Business and Economic Commentary by Christopher Ram
This column supports President Irfaan Ali’s call in St. Kitts for the removal of artificial barriers to trade within CARICOM. The principle, enshrined in Treaty and incorporated into domestic law, is sound. The Caribbean Single Market and Economy to which Guyana is a signatory frowns on any attempt by a Member State to erect fiscal or administrative walls protecting domestic operations against other members’ goods and services.
The principle applies to every Member State – domestic and regional alike. The Caribbean Court of Justice settled this question in 2014 in Rudisa Beverages & Juices N.V. v The State of Guyana, a case brought by a Surinamese company challenging an environmental tax amendment under the Guyana Customs Act.
The Court may have acknowledged the stated objective of the legislation, but it held that motive and form are irrelevant; effect is what matters. If the effect of an internal fiscal measure alters competitive conditions in favour of locally produced goods as against like goods of Community origin, it is inconsistent with the Revised Treaty of Chaguaramas.
Against that legal background, the recent tax amendment introduced by Dr. Ashni Singh in his 2026 Budget, zero-rating locally produced furniture and jewellery, fails at the first hurdle. By the Bill’s plain language, the benefit is confined to Guyanese production. Furniture and jewellery manufactured in other CARICOM states do not enjoy the same treatment. That is differential taxation based solely on origin. Anyone familiar with the Treaty and Rudisa would immediately recognise the difficulty.
In functional terms, it is precisely the type of discriminatory fiscal measure the CCJ warned against. The inconsistency will not go unnoticed within the Community. Guyana has already been required to compensate Rudisa in substantial sums. It would be unfortunate to invite a repetition. The measure should be reconsidered before it produces another avoidable and embarrassing defeat.
But there is a broader issue. Guyana produces gold in abundance. No other CARICOM country does. It has commercially harvested timber. No other CARICOM country comes close. To attempt to protect such businesses defies economic logic and raises the question of the kind of private sector we are trying to build. Protection is not integration. If our manufacturers require origin-based tax advantages to survive within the Single Market, then we are not preparing them to compete regionally: we are mollycoddling them, protecting them from their own inefficiencies.
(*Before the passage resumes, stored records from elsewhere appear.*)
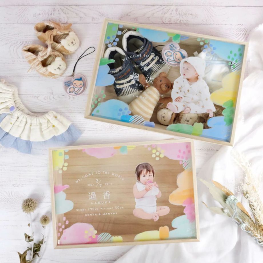 メモリアルボックスとはわが子の誕生の記録や洋服、へその緒、写真などをまとめて保管するための箱のこと。この生まれてきた赤ちゃんをおもう、愛情あふれるアイテムに命名書をプラス!生まれてきてくれてありがとう、の気持ちをまるごとこの箱に詰め込めます。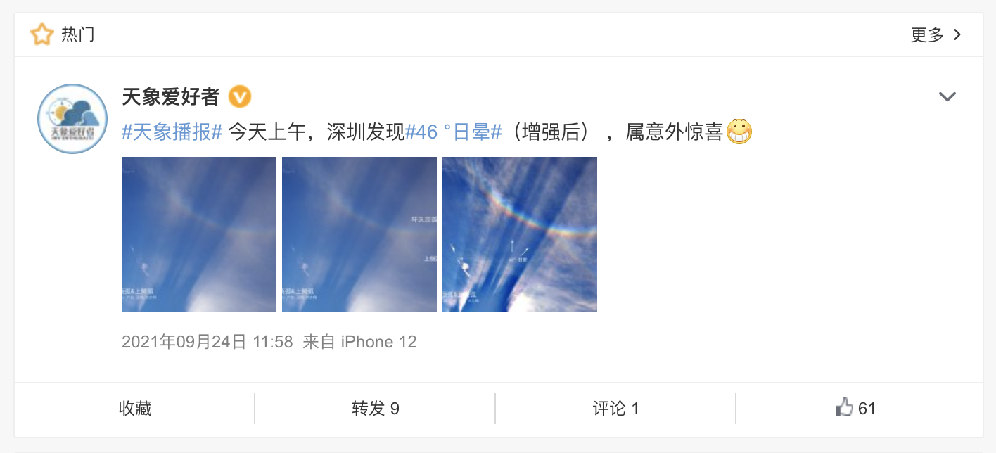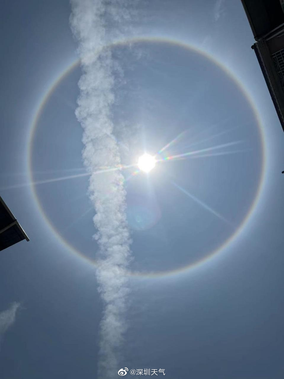 节后上班第一天,深圳不仅出现了日晕还有环地平弧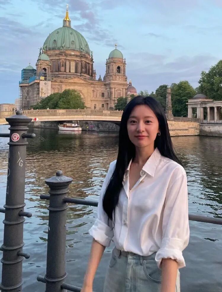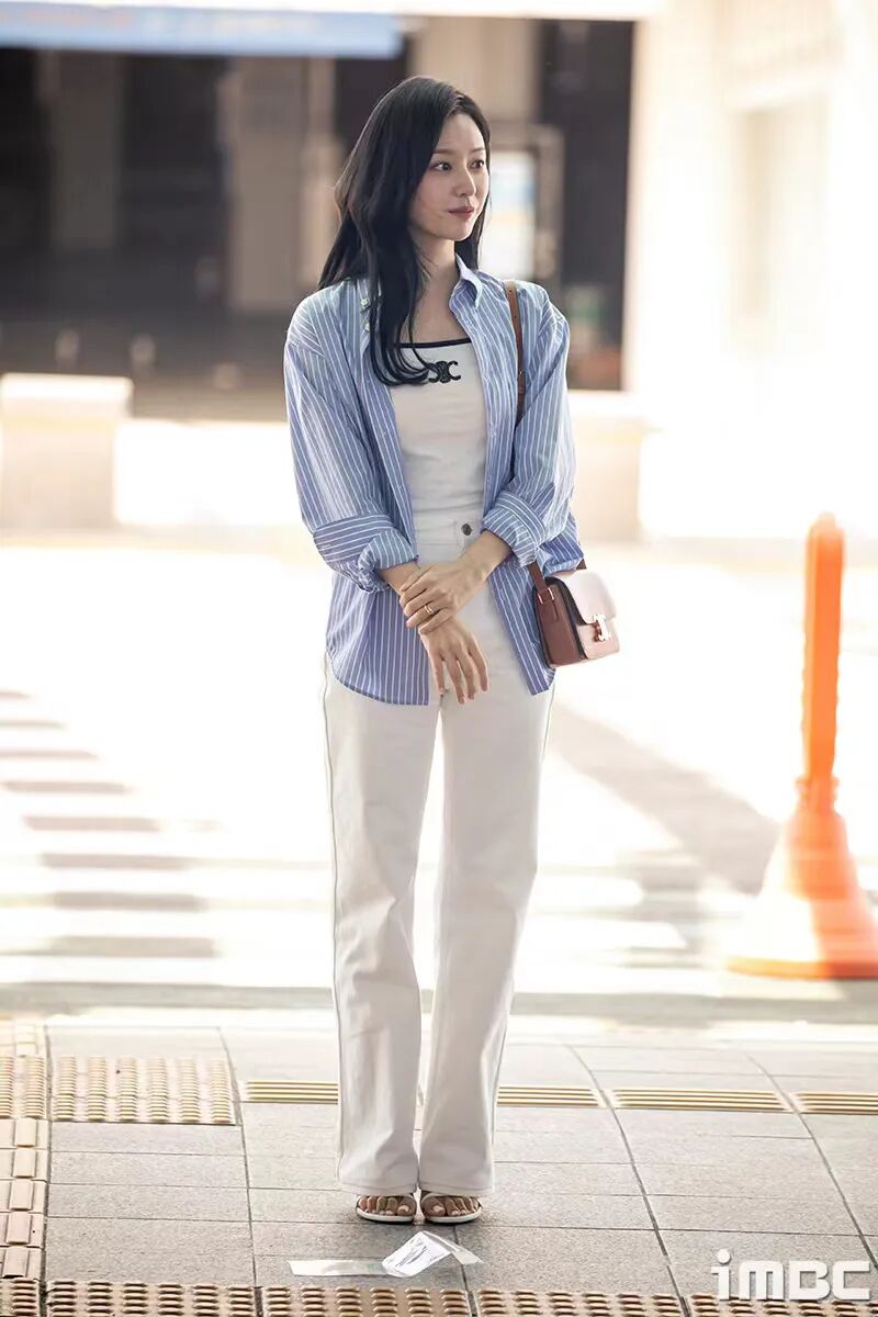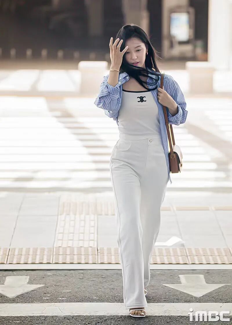 金智媛前天的机场照,相同的穿搭方式,只不过换成了蓝衬衫+白色仔裤,干净清爽的配色。▼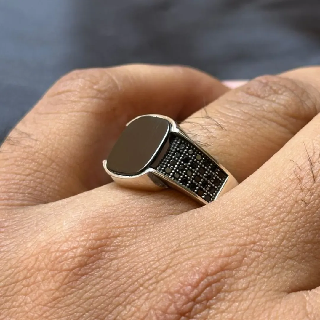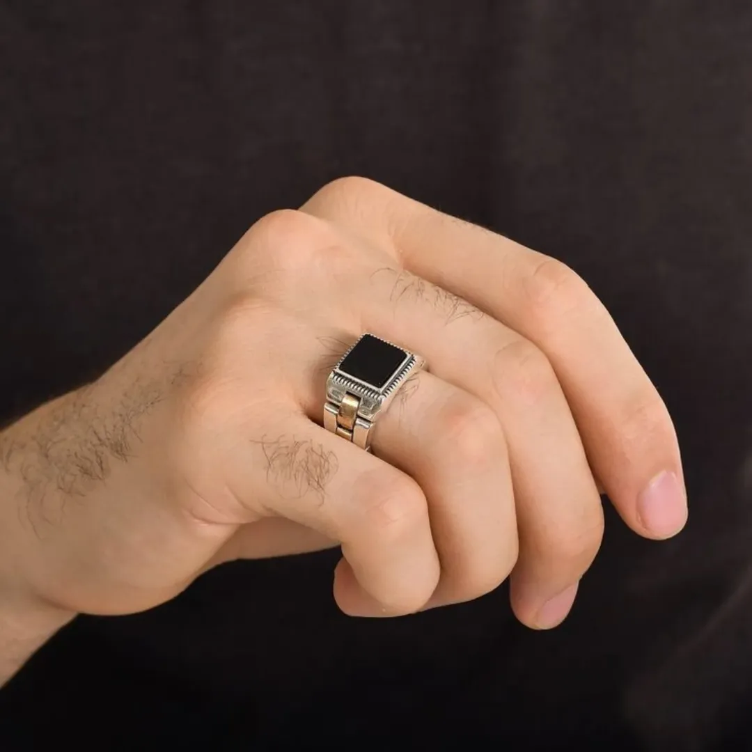 انگشتر نقره مردانه مزین به سنگ ابسیدین.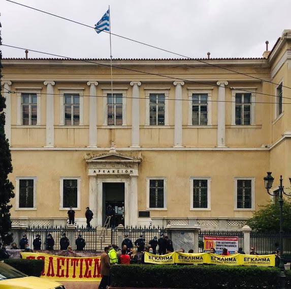Συμβολική παράσταση διαμαρτυρίας πραγματοποιείται έξω από το ΣτΕ για τα αρχαία του σταθμού «Βενιζέλου» στο Μετρό Θεσσαλονίκης.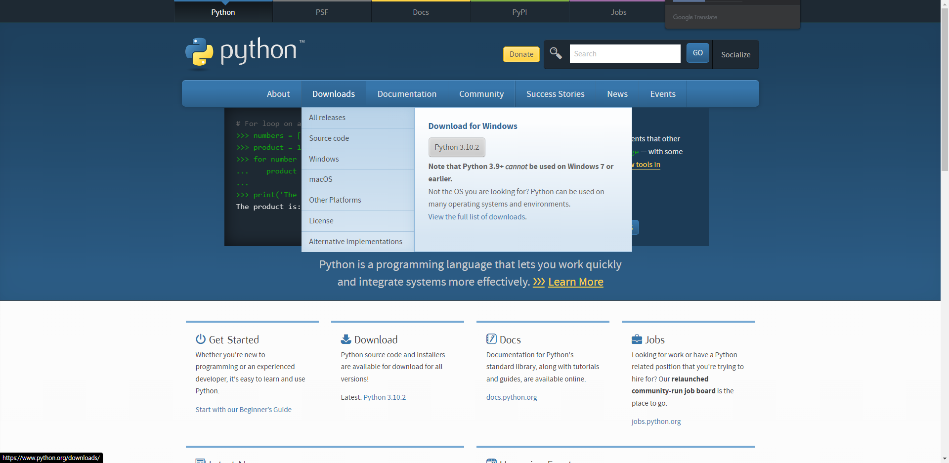 2022년 2월 기준으로 3.10.2버전이 최신 버전입니다.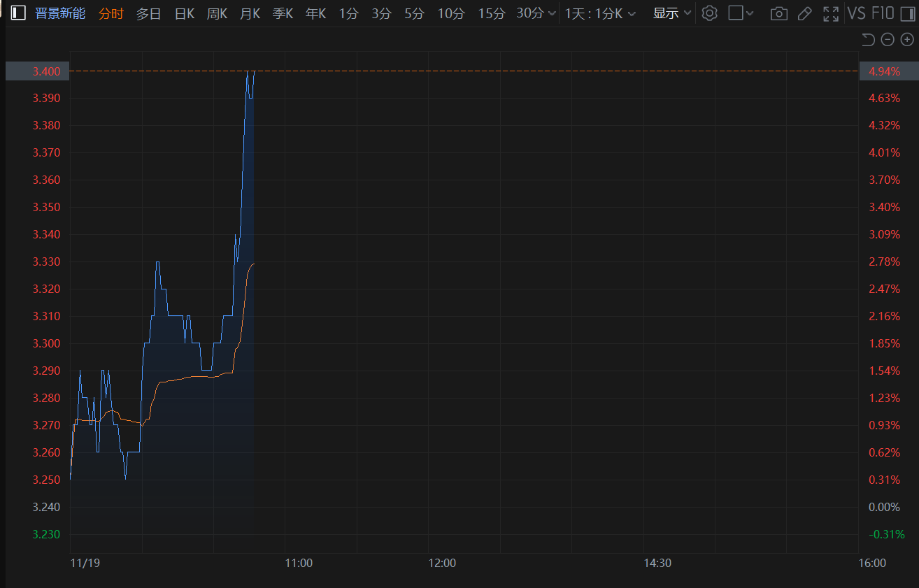 晋景新能近年来用绿色创新技术赋能产品与服务,致力于为全球客户提供一站式的绿色能源基建解决方案。现有的绿色基建升级业务包括建筑节能改造一体 化服务、电动车充电设施基建与安装、新型储能系统的开发与应用等。同时,集团将通过绿色能源的可持续解决方案包括对动力电池的处置与循环利用,持 续赋能核心业务与产品。 | 晋景新能 | 分时 多日 日K 周K 月K 季K 年K 1分 3分 5分 10分 15分 30分v 1天:1分K・ | | | 显示。 | | --- | --- | --- | --- | --- | | 3.400 | | | | | | 3.390 | | | | | | 3.380 | | | | | | 3.370 | | | | | | 3.360 | | | | | | 3.350 | | | | | | 3.340 | | | | | | 3.330 | | | | | | 3.320 | | | | | | 3.310 | | | | | | 3.300 | | | | | | 3.290 | | | | | | 3.280 | | | | | | 3.270 | | | | | | 3.26 ...
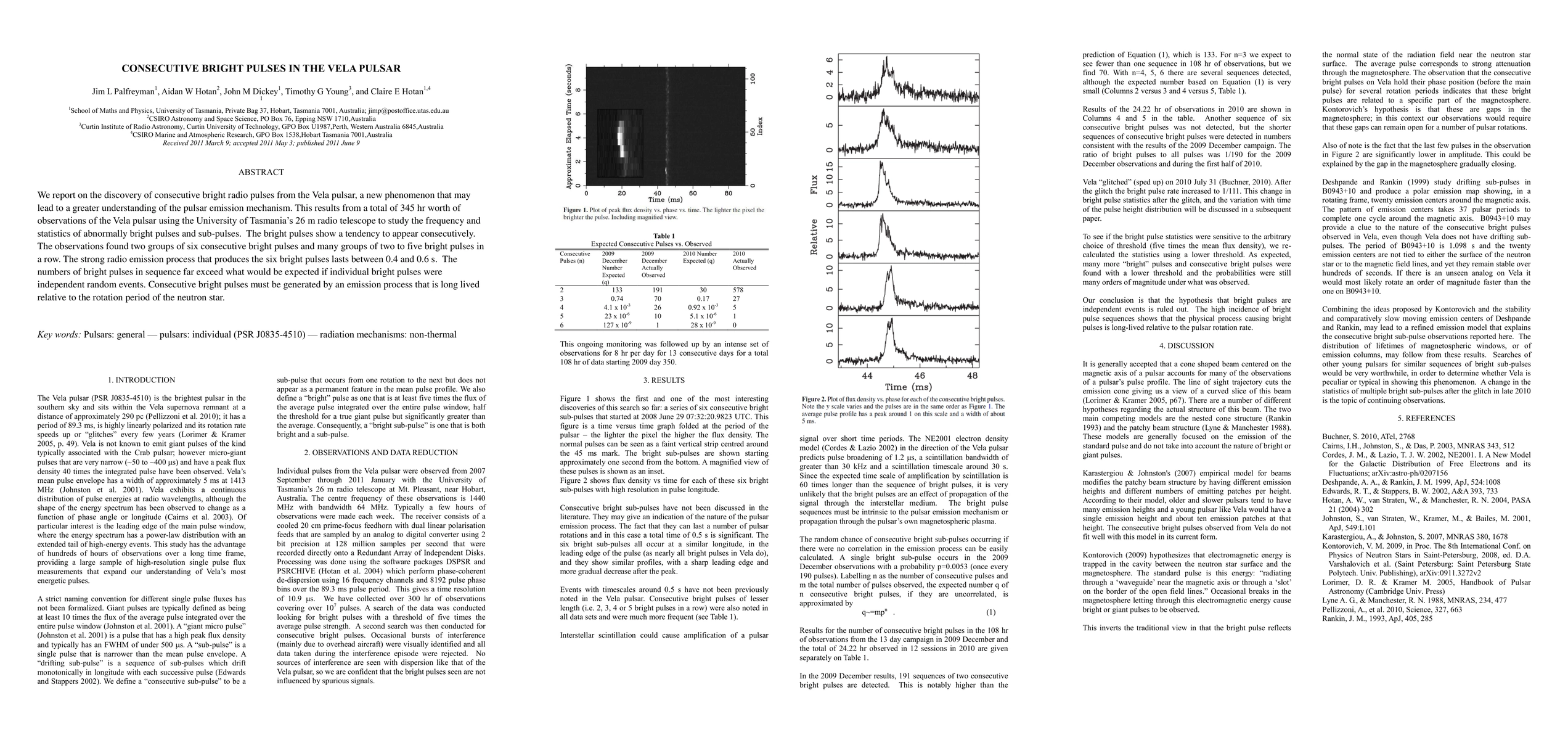 The discovery of consecutive bright radio pulses in the Vela pulsar suggests a new understanding of its emission mechanism, with observations revealing groups of up to six consecutive bright pulses, indicating a long-lived emission process. This phenomenon challenges the assumption of random occurrence of bright pulses.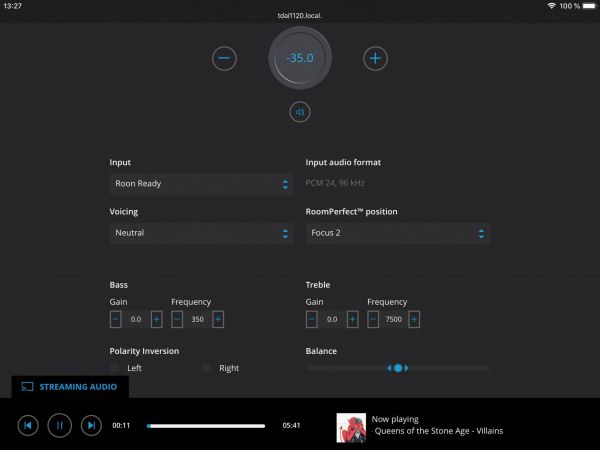 Utóbbi kb. 20 percet vesz igénybe, a procedúrát leírtuk részletesen korábbi tesztünkben, ezért itt nem térünk ki rá újra. Lényegében felhasználóbarát folyamat, nem igényel külön szakembert, feltéve, ha az illető tud angolul és rakott már össze mikrofon állványt. A Roon és TIDAL kliensek támogatottságát nem volt lehetőségünk kipróbálni, de a Spotify villámgyorsan rálelt az erősítőre. Ha elindítottunk egy dalt telefonon és továbbítottuk a TDAI-1120 felé, akkor az 3-4 másodpercen belül bekapcsolt és máris szólt a zene.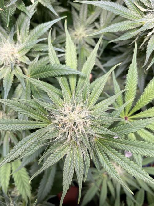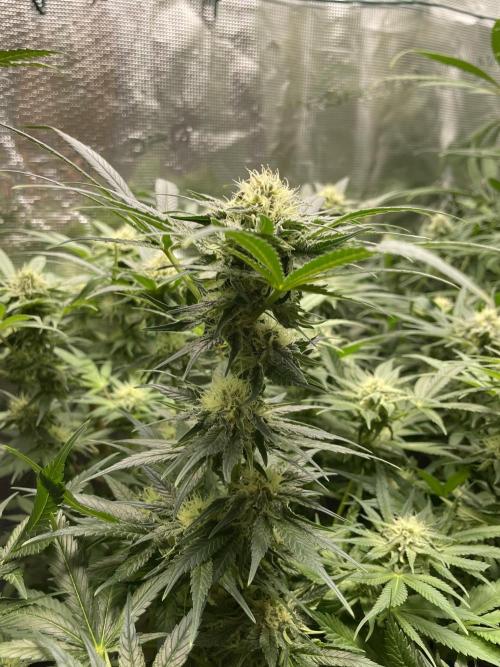 TerpToad After the first week of bloom, she is stretching much less than her sisters. Maybe she will get going in the following week, maybe she will stay a shorter but bushier plant, either way she is looking healthy and promising. I am itching on giving her a defoliation, but I will wait until we fully arrive in flower.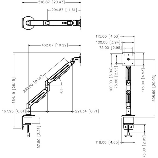 Due to the large adjustment range, the screen can be adjusted to a comfortable place according to the position of the user sitting or standing at the time. At the same time, the tilt range is also large, which prevents users from stretching their necks or shrugging their shoulders when looking at the screen - maintaining healthier posture and improving work efficiency. The adjustment range and tilt range are also perfectly compatible with touchscreens and great benefit to those devices with progressive lenses.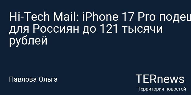 Hi-Tech Mail: iPhone 17 Pro подешевел для Россиян до 121 тысячи рублей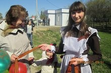 В дни проведения акции миллионы людей в Российской Федерации и других странах мира по доброй воле прикрепляют Георгиевскую ленточку – условный символ военной славы к одежде, публично демонстрируя свое уважение к воинам, сражавшимся за Отечество, всенародную гордость за Великую Победу. Вот и учащиеся нашей школы не остались в стороне. Была сформирована команда участников акции, приготовленны Георгиевские ленточки.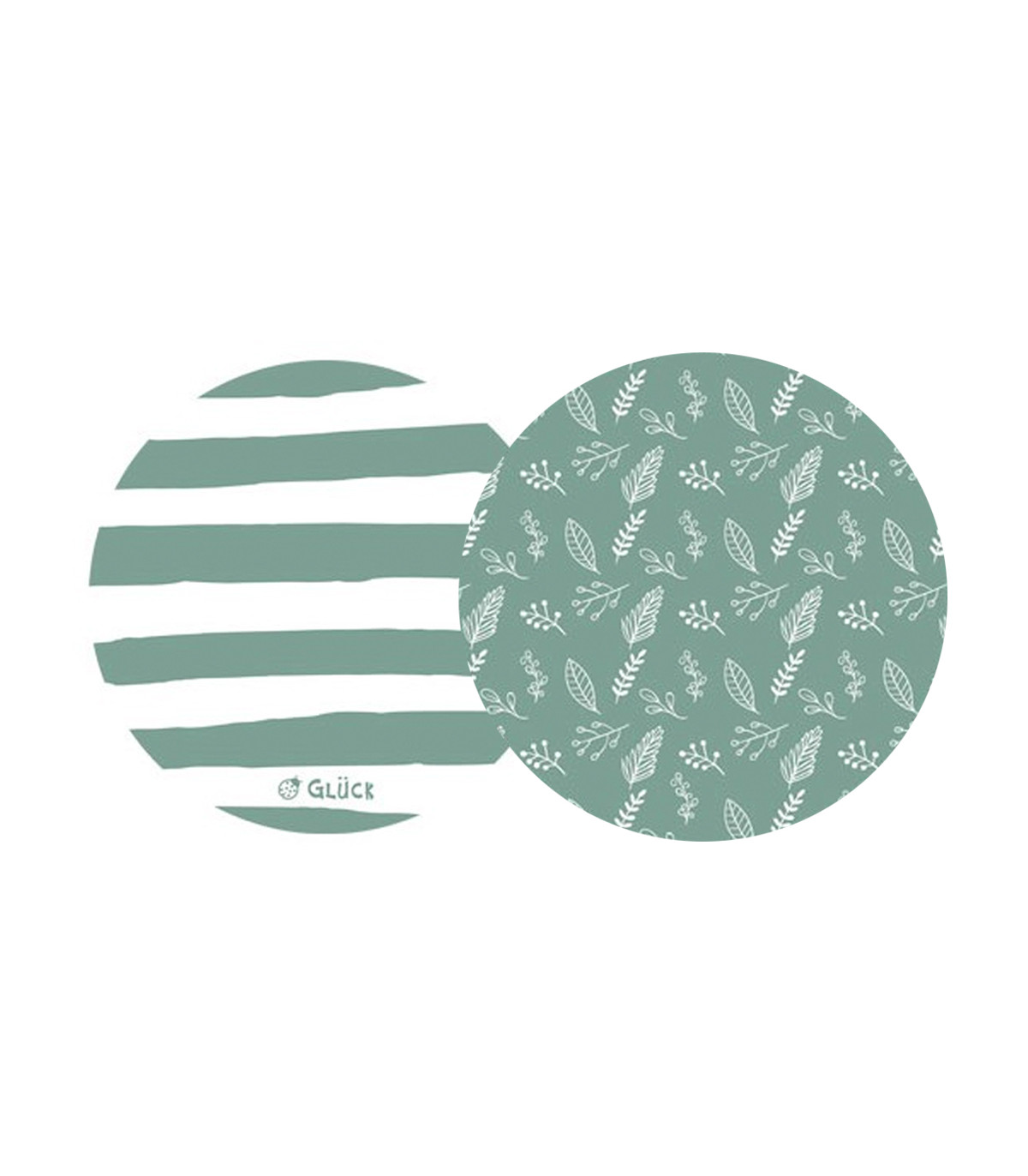 8 portavasos de cartón de 10 cm de diámetro impresos a cuatro colores. Estampado de hojas de un lado, rayas del otro.

The asymmetry in regional enterprise is instructive. Republic Bank Limited, a Trinidad and Tobago enterprise, operates profitably in Guyana. Yet not one of our indigenous banks – Citizens Bank, Demerara Bank or GBTI – operates in that country. They appear comfortable in a Guyana market that functions more like a sheltered environment than a competitive one. The pattern repeats across sectors: capital, brands, and services move outward into Guyana far more readily than Guyanese enterprises expand outward into the region.
The pattern repeats elsewhere. Banks DIH Limited gave Barbados the “Banks” beer, which that country has made into a national brand. Yet in Guyana its strategic focus appears to be motor vehicle sales and internal corporate restructuring rather than regional expansion. In that context, it is not without irony that when legal assistance was required, the company retained a Trinidad-based law firm. There is nothing improper in that choice. But it illustrates a broader reality: regional integration appears to flow more readily into Guyana than outward from it.
If President Ali wishes to be taken seriously when he calls on others to dismantle barriers, his actions must be consistent and must avoid enacting measures that privilege domestic production in ways that offend Treaty principles. One would have expected the tabling Minister, Dr. Ashni Singh, to be particularly alert to Guyana’s binding obligations under the Treaty and the emphatic direction already given by the CCJ.
If President Ali genuinely believes in the Single Market, then he should be speaking frankly to Guyanese businesses, charging them to go out and exploit the opportunities offered by the CSME, diversifying their markets and earning foreign currency. Not sheltering them from regional competition, but equipping them to compete successfully within it.